Friday, November 3rd, 2006 by ablteam

By Jonathan Kent
Newsweek International

Nov. 6, 2006 issue - Transport, sir?” Wayan Oka, 28, spends much of his day hanging out with his friends on Monkey Forest Road in the town of Ubud. Indeed, walk down the streets of Bali’s cultural capital, and in 10 minutes you’ll be accosted by a dozen or more young men like Oka, sitting beside the road and hawking their services as unofficial taxi drivers. “You’re my first job today,” Oka says. It’s past 9 p.m. and Ubud’s streets are dark and almost deserted. The restaurants have long since emptied, and the bars are quiet Oka is 28 and an economics graduate, but with business this bad, there’s no demand for economists. “My girlfriend and I want to get married, but I don’t have enough money,” he says.

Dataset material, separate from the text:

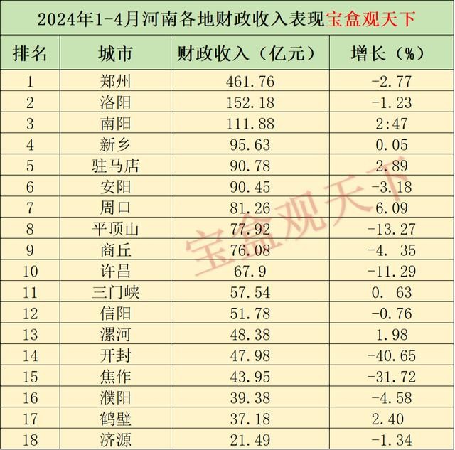2024年年中后,河南各市公布了2024年1-4月的财政收入数据,这可是衡量一个城市经济实力的硬标准,所以人们也据此对河南各市的财政收入进行了排名。这份榜单可不简单,它不仅反映了各市的经济实力更折射出了河南省整体的发展态势。
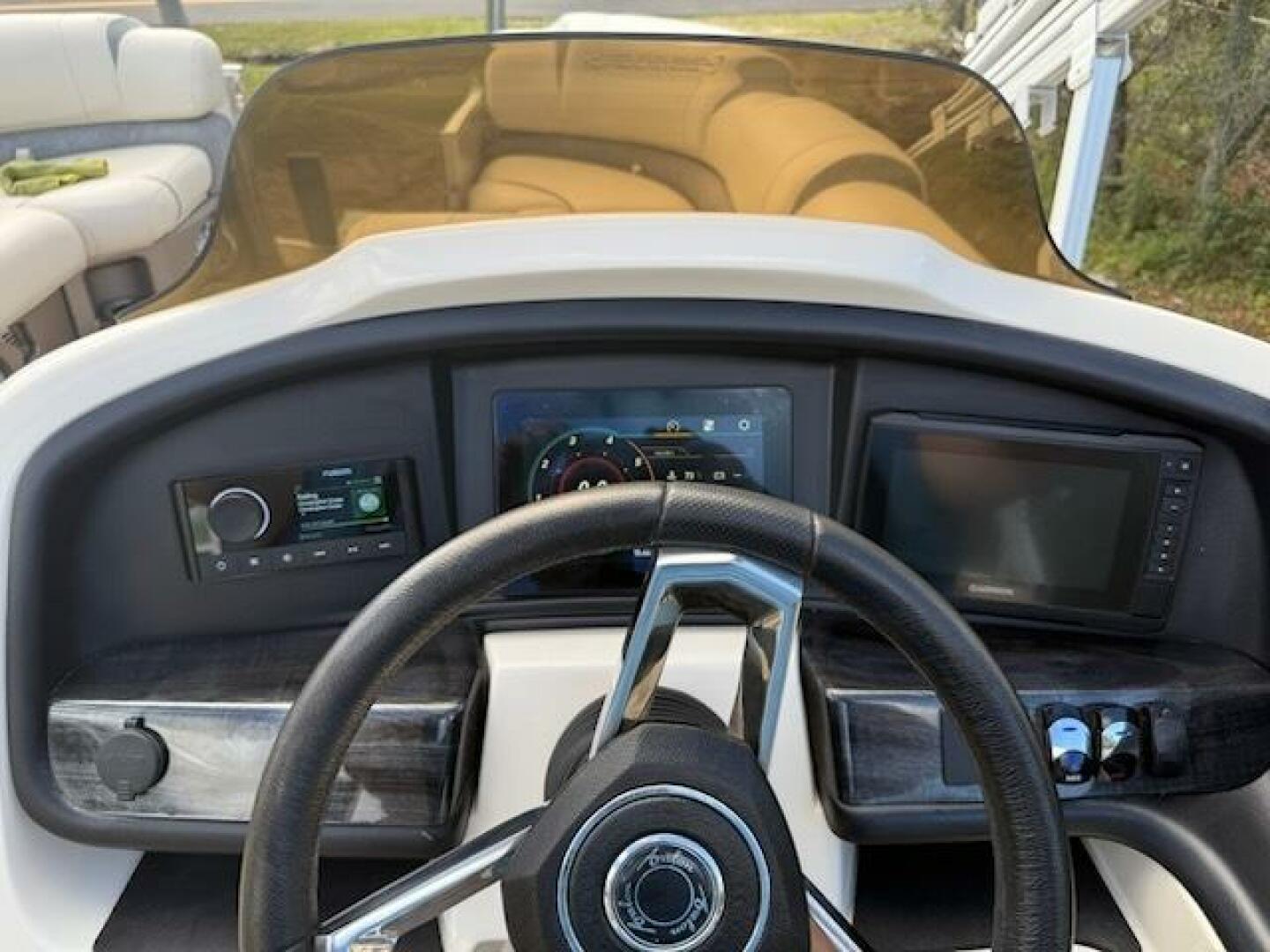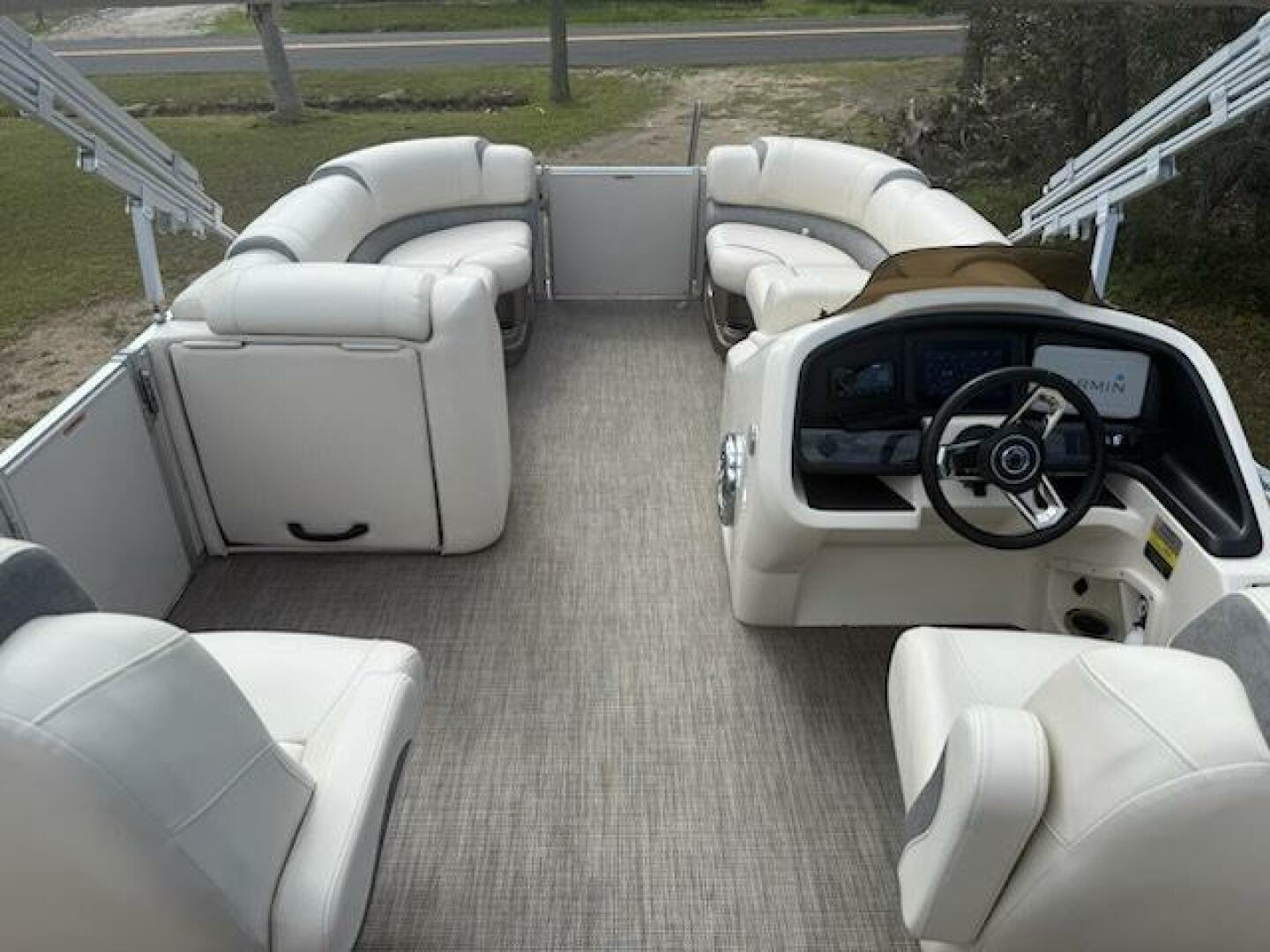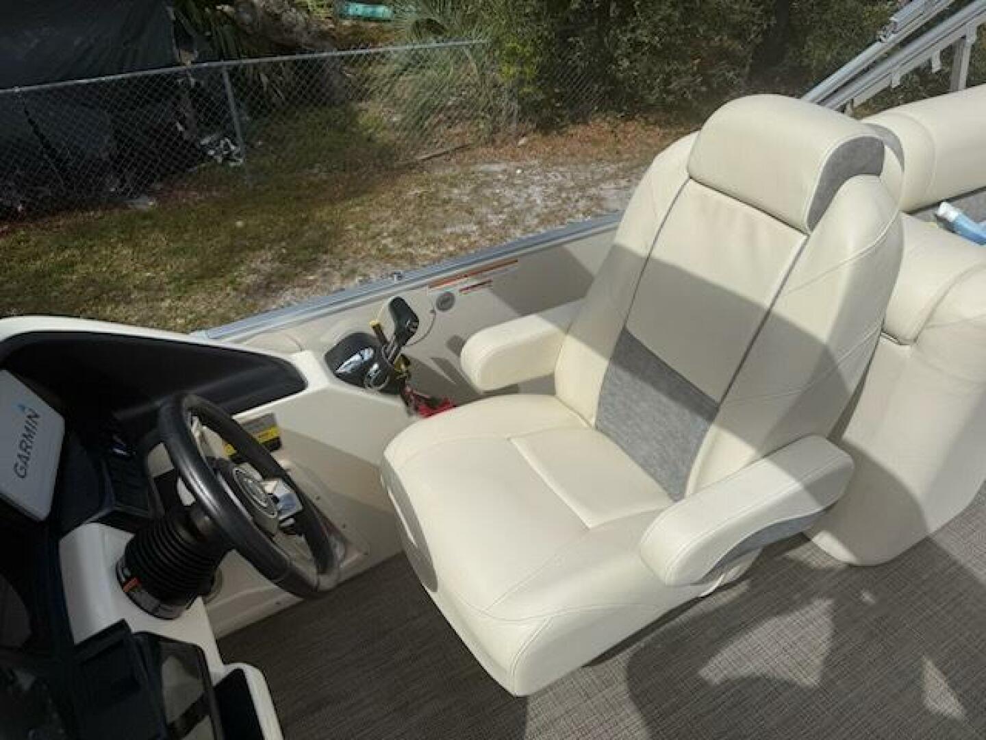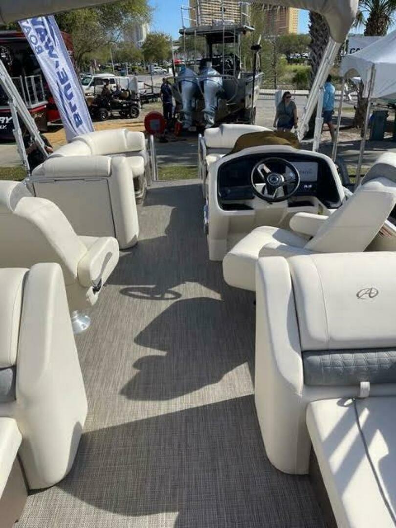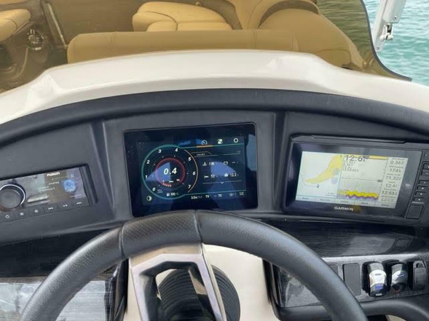 Avalon Saltwater series Catalina Platinum QL series Tritoon.This boat is loaded and only has 19.4 hours on it. It just had its 20-hour service and is ready to go for the water.This is a 25' Tritoon with Dual Bimini tops, and a 300 HP Suzuki Outboard. It was purchased New in March of 2023 and I am the original owner. Motor was flushed after every use. Boat comes with remainder of the transferable factory warranty. Includes all the safety gear needed for the water. This has rated capacity for 17 peoplePrice includes matched Aluminum Trailer!! List of Options included:Ultra Fine Interior Package -features a premium vinyl upgrade with a focus on comfort and style, including option Ultrafine touch vinyl, high-back reclining chairs, and upgraded flooring. Fusion 1000W High Performance sound PackageGarmin GPS/ Depth FinderElectric Power Assist SteeringBlack Out PackageWave Glider 27 Package- features triple 27-inch pontoons with high-performance lifting fins, designed for superior buoyancy and performance, offering a stable and smooth ride, even in rough waters, with enhanced fuel efficiency. Under Rub Rail Lights Saltwater Upgrade Package-include zinc anodes, additional fuel/water separators, and sealed keels. 6 Fully Welded FinsSki Tow BarDouble Bimini TopsFuel Capacity 58 gallonsRated for 400HPDual BatteriesUnder Seat StorageChanging Curtain All required Coast Guard equipment plus Anchor, Dock Bumpers, Dock Lines!The interior is flawless, all seats are in like new condition. Boat was cleaned and wiped down after each use. Boat runs perfectly and it really moves. Top speed is 45MPH and handles great. Boat was always covered when not in use. Boat comes with custom cover.

Before Oct. 12, 2002, international tourists thronged to Bali, a Hindu jewel set in a necklace of predominantly Muslim islands strung through warm equatorial seas. Then came the awful day when bombs went off in the Sari Club and Paddy’s Bar in the tourist center of Kuta, killing 202 people and injuring many more. The first major terrorist attack since 9/11 raised fears that the war on terror was opening a new Asian front, one that would choke off Bali’s economic lifeline: tourism.